▶ PROBLEM DETAILS: The data below should be restated word for word, pictures omitted.

╭─ DATA SHOWN

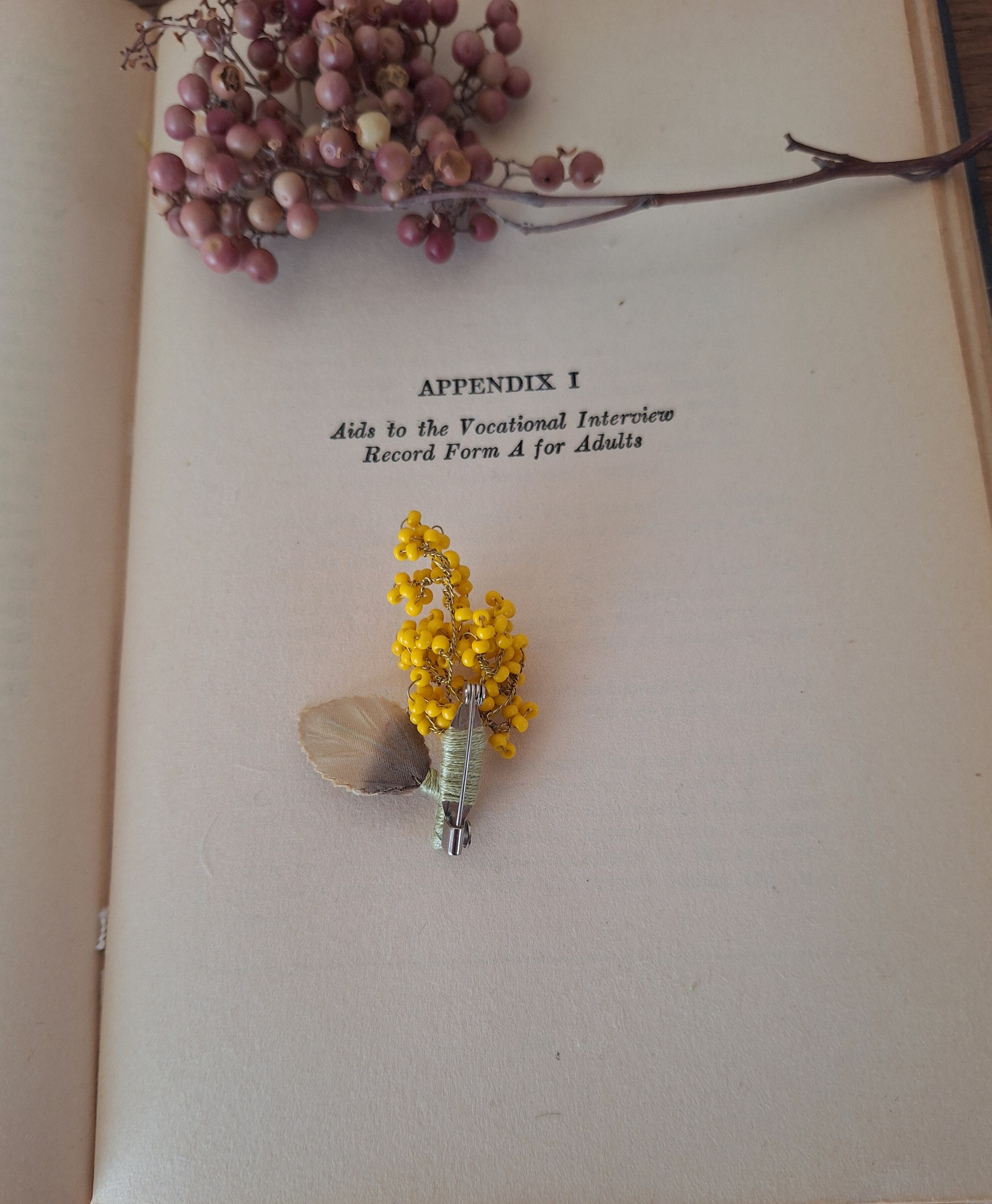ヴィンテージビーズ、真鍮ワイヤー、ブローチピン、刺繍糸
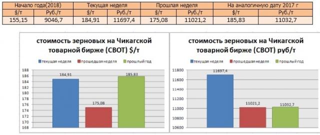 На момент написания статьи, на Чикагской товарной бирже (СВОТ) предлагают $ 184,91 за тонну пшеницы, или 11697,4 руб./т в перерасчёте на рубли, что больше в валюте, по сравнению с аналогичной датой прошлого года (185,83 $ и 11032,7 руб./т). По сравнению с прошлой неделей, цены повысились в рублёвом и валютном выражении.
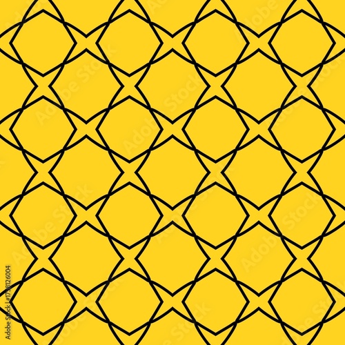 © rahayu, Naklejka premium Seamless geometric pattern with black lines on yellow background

╰─

▶ EXERCISE SOLUTION:
ヴィンテージビーズ、真鍮ワイヤー、ブローチピン、刺繍糸
 На момент написания статьи, на Чикагской товарной бирже (СВОТ) предлагают $ 184,91 за тонну пшеницы, или 11697,4 руб./т в перерасчёте на рубли, что больше в валюте, по сравнению с аналогичной датой прошлого года (185,83 $ и 11032,7 руб./т). По сравнению с прошлой неделей, цены повысились в рублёвом и валютном выражении.
 © rahayu, Naklejka premium Seamless geometric pattern with black lines on yellow background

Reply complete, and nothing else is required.